2014 — 11 December: Thursday

Today's scheduled adventure? A trip (at sub-light speed) out to watch (for a mere £12 or so) "Interstellar" on the biggest local screen we can manage, which is the IMAX in the ex-BT warehouse down in Soton. This will be preceded by lunch somewhere, and in all probability followed by a lively dissection. I would say "watch this space" but for some reason people tend to tick me off about my puns.

Meanwhile, having been...

... battered and badgered by endless email exhortations1 to buy stuff I neither need nor want, I've just seen the first one warning me of it being too late, after today, to use one of my preferred US DVD shops. I expect I shall survive. And, having watched for (but seen no signs of) agitated forum chatter or trouble, I've now installed (and seem to have survived) the latest2 in the endless round of monthly Microsoft 'updates' (not forgetting the non-MS one applicable to the Flash gorp from Adobe).
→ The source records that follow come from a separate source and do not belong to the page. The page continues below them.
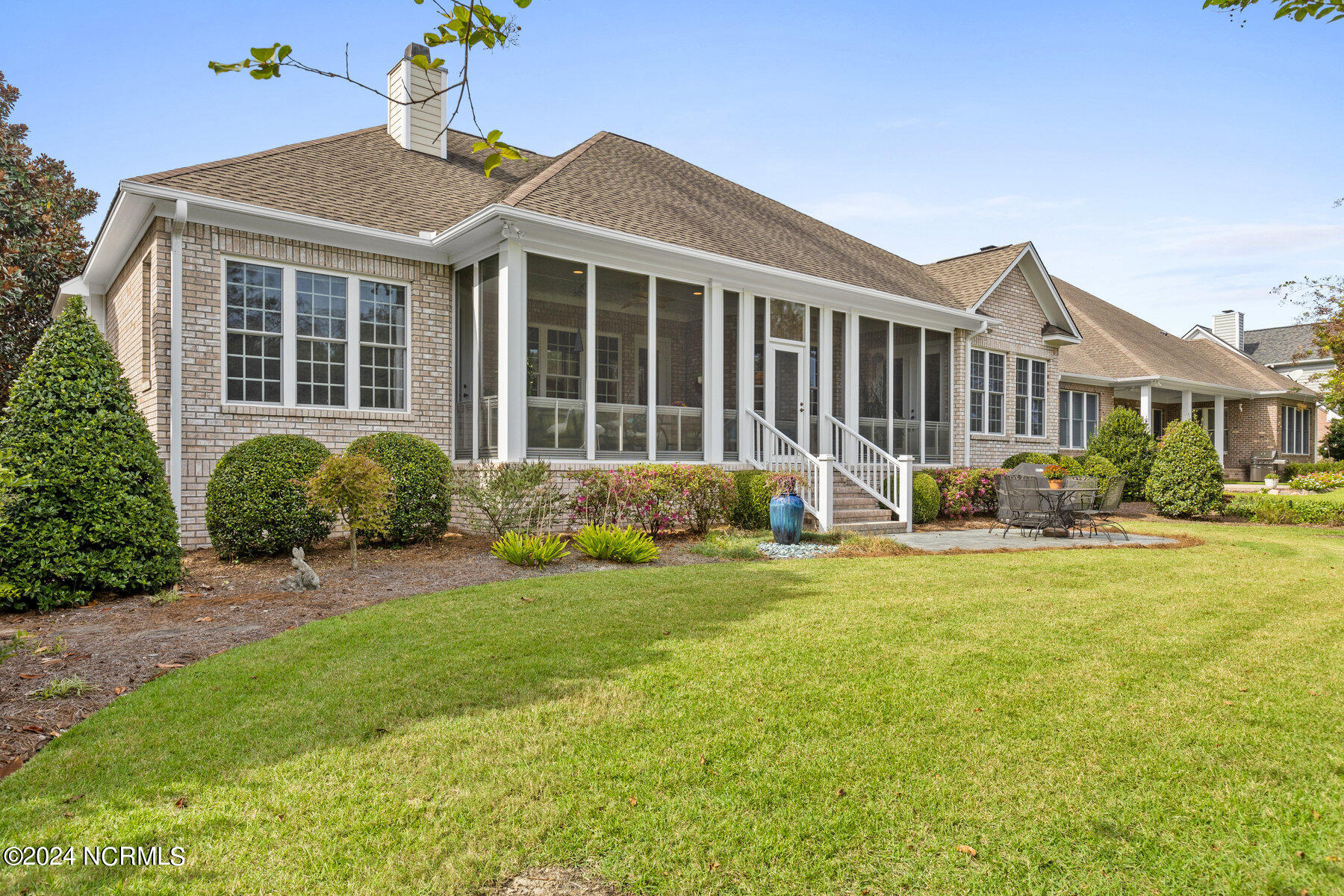 Nestled in the prestigious, gated community of Porters Neck Plantation, this all-brick 3-bedroom, 3.5-bath home offers a perfect blend of luxury and functionality. Primarily designed for one-level living, it features an open floor plan, a bright and airy sunroom with stunning views of the 15th green, and a gourmet kitchen equipped with top-of-the-line appliances. The home's master suite boasts sweeping golf course views, two closets, a soaking tub, and a walk-in shower. Completing the first level is a second bedroom with its own full bath, a powder room, and a dedicated office with serene views--ideal for remote work or quiet study. A private upstairs suite, accessible from the garage, offers a comfortable retreat for guests or family members seeking extra privacy. Additional highlights include a termite bond, a whole-house generator, and a dehumidifier in the crawlspace for added peace of mind and protection. Meticulously maintained by the original owner, the home is rich in high-end finishes and thoughtful upgrades throughout. Residents enjoy the tranquility of this golf course property along with access to the community boat ramp on the Intracoastal Waterway. Optional memberships to the highly rated country club are also available. This is a rare opportunity to enjoy serene living in one of the area's most sought-after communities
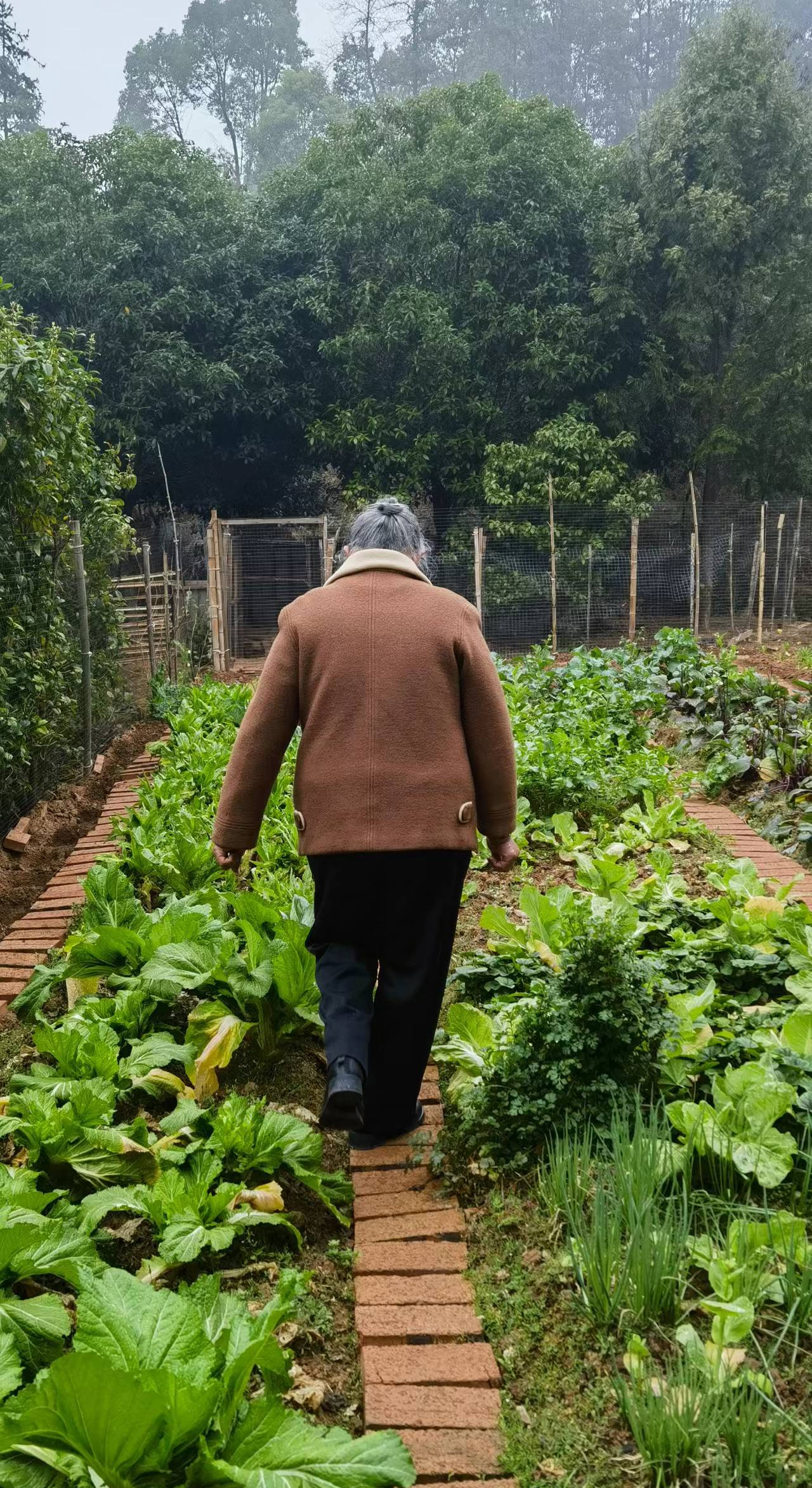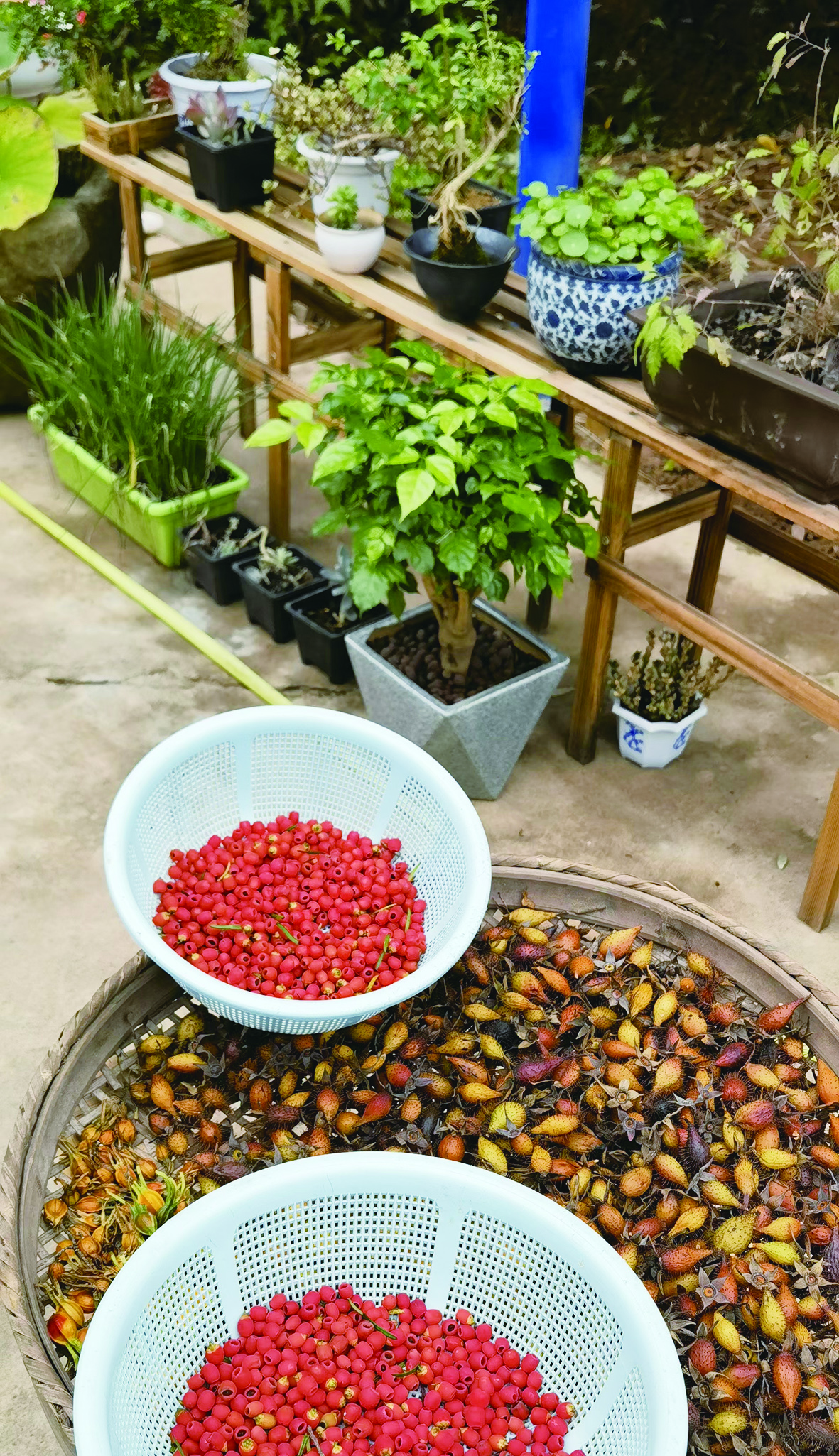 市民谭女士的母亲带记者参观菜地。 记者/唐剑华 摄 院内,主人不仅养花种草,还采摘晾晒了不少“山货”。记者/唐剑华 摄
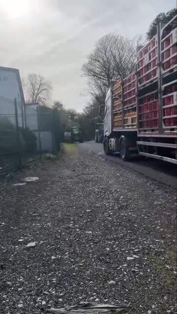 A lorry carrying gas cylinders was turned away at the entrance of Whitegate Refinery as demonstrators barricaded the road over rising fuel prices. 2026-04-15 21:05:06
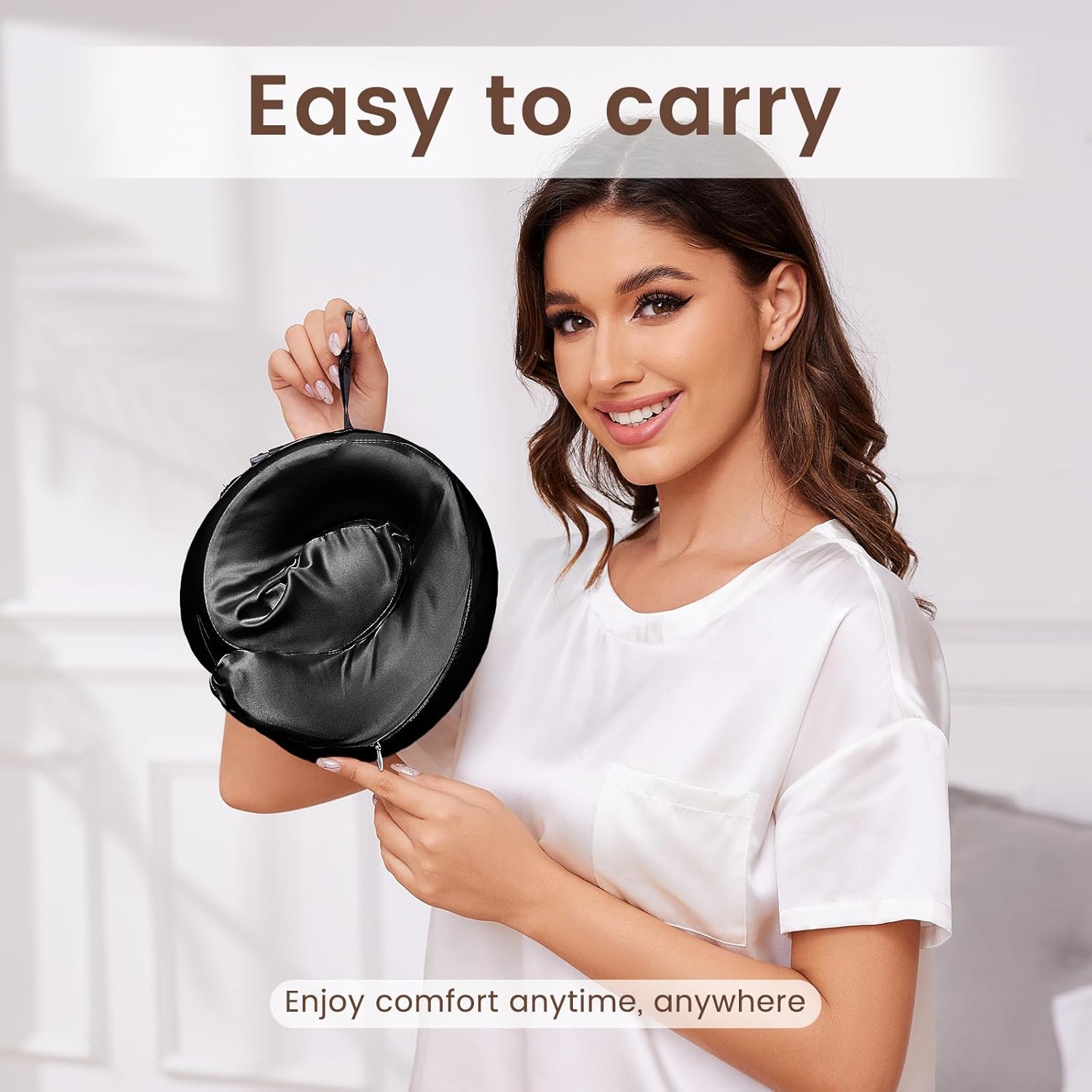 THXSILK 100% Mulberry Silk Neck Pillow for Traveling, Pure Memory Foam Travel Pillow for Airplanes, Travel Neck Pillow for Sleeping, Head and Neck Support, Neck Pillow with Storage Bag (Black)
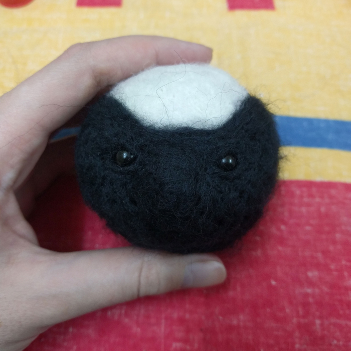 А теперь покажу, как же он появился на свет. Для начала я сваляла небольшой шарик из шерсти. На этом этапе он еще мягкий и очень приятно пружинит ) Надо продолжать уваливать шерсть.
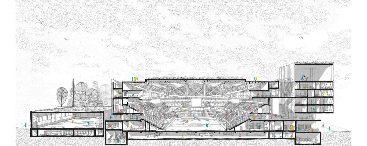 CHYBIK + KRISTOF’s design for the new Jihlava Multipurpose Arena revisits the existing structure of the building, initially developed as the home stadium for the regional ice hockey club. A multifunctional space with a capacity of 5,600 spectators, the project extends the stadium’s original purpose by creating a versatile space, adapted to both its primary sporting purposes within state-of-the-art facilities and a broad spectrum of activities – and their respective audiences. Located on the border of Jihlava’s historical center, the arena – a structure usually confined to the periphery of cities – is adjacent to a park and university and places itself in the continuity of these two spaces. The several public spaces nested throughout the four- building “urban stadium” allow it to melt into the surrounding urban landscape. Rather than marking an interruption in the existing city structure, the arena serves as a transparent and fluid transition between seemingly distinct spaces, thereby reviving and opening up the area to new functions, and ultimately extending the city center beyond its strict historical bounds. In this new permeable space, which the inhabitants are encouraged to invest in their daily lives, the architectural framework lays the foundations for the prominent notions of free movement and interaction.
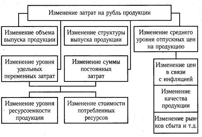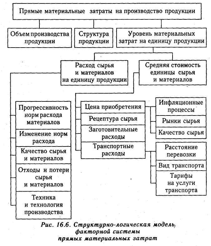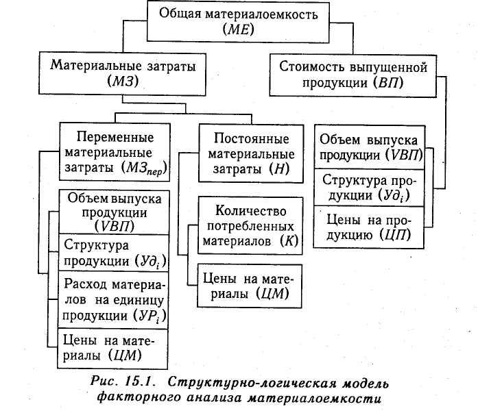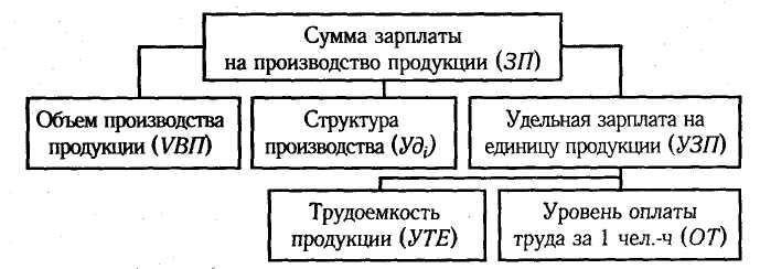 +50 -30 | | Итого | 2620-2590 | +30 | 7. Анализ прямых трудовых затрат Прямые трудовые затраты занимают значительный удельный вес в себестоимости продукции и оказывают большое влияние на формирование ее уровня. Поэтому анализ динамики зарплаты на рубль произведенной продукции, ее доли в себестоимости продукции, изучение факторов, определяющих ее величину, и поиск резервов экономии средств по данной статье затрат имеют большое значение. Общая сумма прямой зарплаты (рис. 16.7) зависит от объема производства продукции, ее структуры и уровня затрат на отдельные изделия. Последний в свою очередь определяется трудоемкостью и уровнем оплаты труда за 1 чел.-ч.  Рис. 16.7. Структурно-логическая модель факторной системы зарплаты на производство продукции Факторная модель общей суммы прямой заработной платы выглядит следующим образом:  Для расчета влияния этих факторов используем метод цепных подстановок:      Общий перерасход по прямой зарплате на весь выпуск товарной продукции составляет 949 тыс. руб. (17 045 - 16 096), в том числе за счет: - увеличения объема выпуска продукции: ΔЗПN = 16 515 - 16 096 = +419 тыс. руб.; - изменения структуры производства продукции: ΔЗПстр = 17 153- 16515= +638 тыс. руб.; - снижения трудоемкости продукции: ΔЗПУТе = 15 589 - 17 153 = -1564 тыс. руб.; - повышения уровня оплаты труда: ΔЗП0Т = 17 045 - 15 589 = +1456 тыс. руб. Зарплата на выпуск отдельных изделий зависит от тех же факторов, кроме структуры производства продукции:  Для расчета влияния данных факторов на изменение суммыпрямой зарплаты по видам продукции используем способ цепной подстановки (табл. 12). Полученные результаты показывают, по каким видам продукции имеется перерасход средств на оплату труда, а по каким — экономия и за счет чего. В основном перерасход зарплата оправдывается увеличением выпуска продукции. По изделиям А и В темпы снижения трудоемкости ниже темпов роста оплаты труда, что является причиной повышения себестоимости этих видов продукции. По изделиям С и D темпы снижения трудоемкости выше темпов роста оплаты труда, что оценивается положительно. Таблица 12 Факторный анализ прямой заработной платы
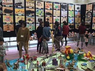 おやつの後は、園児たちの作品展を見に行きました。さくらんぼの小さなお友だちも、お兄さん・お姉さんたちの描いた絵、作ったものにとても興味を持って見てくれました。
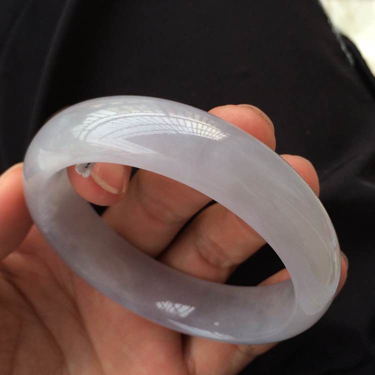 接近冰种微起光翡翠手镯,淡春色,整体肉质细腻,三围:56.6/15.6/8.2,价格:6800,

Safe hex, heh? It works up an appetite for breakfast.

Just got as far...

... as "Tootsie" in my mammoth / tedious video stock-checking exercise. I'd never noticed this tiny toe-curling audio disclaimer before:

Disgraceful audio

It brings to mind some of those dreadful early "pseudo-stereo" music mixes where the higher frequencies were shot at you from one side and the lower ones from the other. I'm guessing none of Tootsie's 10 "Oscar" nominations was for "sound" (though I could be wrong).

Am I allowed...

... to declare myself officially cinematically SF-blockbustered-out for what remains of 2014? My first impression at the end of a buttock-numbing 170 minutes (preceded by altogether too many IMAX-sized adverts and trailers) was "What a mish-mash". Enjoyable, for the most part. Visually spectacular, where it needed to be. Plausible? Not so much. But certainly one for the Blu-ray set in due course. And much better than the appalling disappointment that was "Gravity".

  

Footnotes

1  Every last one manfully resisted.
2  The download "payload" clocked in at around ten times more than the entire capacity of the 20MB hard drives of both my 1985 Amstrad CP/M PC and the 1989 Acorn A440 RISC box in its original state. Code seemed to be a lot slimmer back in those innocent times. (And one updated RISC OS by fitting a new set of ROMs.)